Closing the Gaps: Improving Maternal and Perinatal Outcomes Through Building an Integrated Referral System in Vast Rural Areas
Presentation at the Global Maternal Newborn Health Conference, October 19, 2015
Background: In 2008-2012 JSI worked with Russia’s Ministry of Health (MOH) and regional partners to implement the USAID-funded Institutionalizing Best Practices in Maternal and Child Health Project (IBP-MCH). To reduce barriers to safe delivery services, a maternal and newborn (MNH) referral system was piloted in two vast rural areas – Tuymen and Irkutsk regions – with overall 60,000 deliveries/year and distances to maternal facilities up to 1,000 kilometers.
Methodology: An integrated regionalized framework ensuring skilled care at every birth included the following key approaches. Establish clear criteria for designation of maternal units for levels of care integrating emergency response and preterm birth. Develop policy and evidence-based practice guidelines/standards. Establish Emergency Care Counseling Centers. Continually train medical staff at all levels. Organize effective partnerships between the levels of care. Establish transport plans and reliable communication system between facilities and transport teams, and facilitate return transport for mothers with newborns. Work with decision-makers and community to foster the development of regionalization and equitably distributed resources throughout the region, and health staff retaining mechanisms. Audit the effectiveness of the system, maternal and perinatal outcomes and complications.
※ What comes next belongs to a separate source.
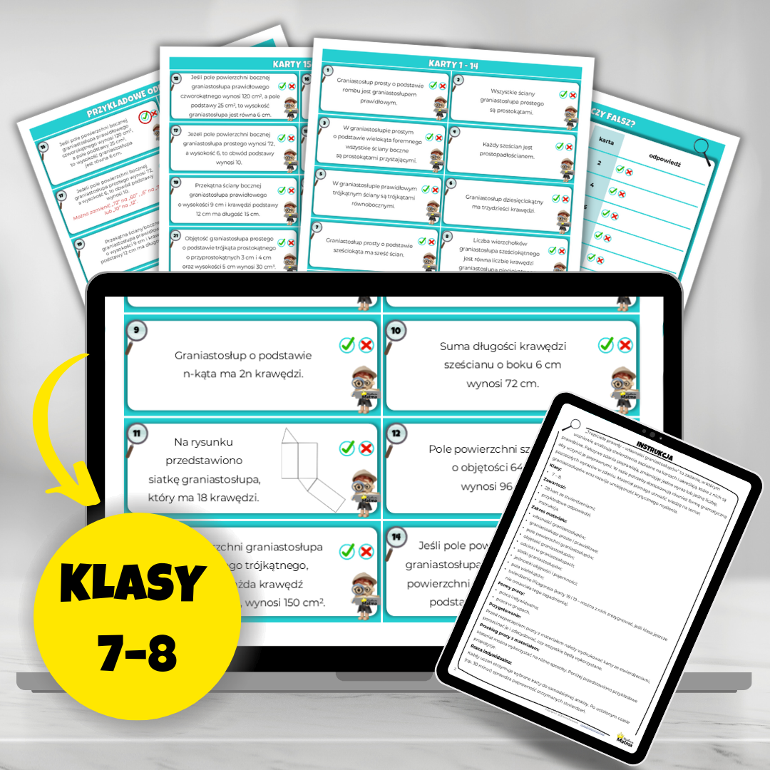 „Tropiciele prawdy – własności graniastosłupów” to zadanie, w którym   uczniowie analizują stwierdzenia zapisane na kartach i określają, które z nich są prawdziwe. Fałszywe zdania poprawiają, zmieniając jeden wyraz lub jedną liczbę, aby uczynić je poprawnymi. W razie potrzeby dostosowują również formę gramatyczną pozostałych wyrazów w zdaniu. Materiał pomaga utrwalić wiedzę na temat graniastosłupów oraz rozwija umiejętność krytycznego myślenia.

Results: In project regions maternal deaths per 100,000 live births dropped 70% between 2007 and 2011 (in Irkutsk from 18.1 to 5.4 and in Tuymen from 15.1 to 4.6) while the overall maternal mortality decreased only 33% in Russia. Perinatal mortality rate decreased by 35% in Irkutsk (from 8.6 per 1,000 live births in 2007 to 5.6 in 2011) and by 30% in Tuymen (from 8.1 to 5.7), it was also consistently lower than across the country (20% decrease). The percent of premature births managed at the lowest level declined from 22% to 7.5%.
Conclusion: MOH recognized the project’s successful approaches to effective delivery of the quality MNH services, and endorsed the implementation of the MNH referral system throughout the country.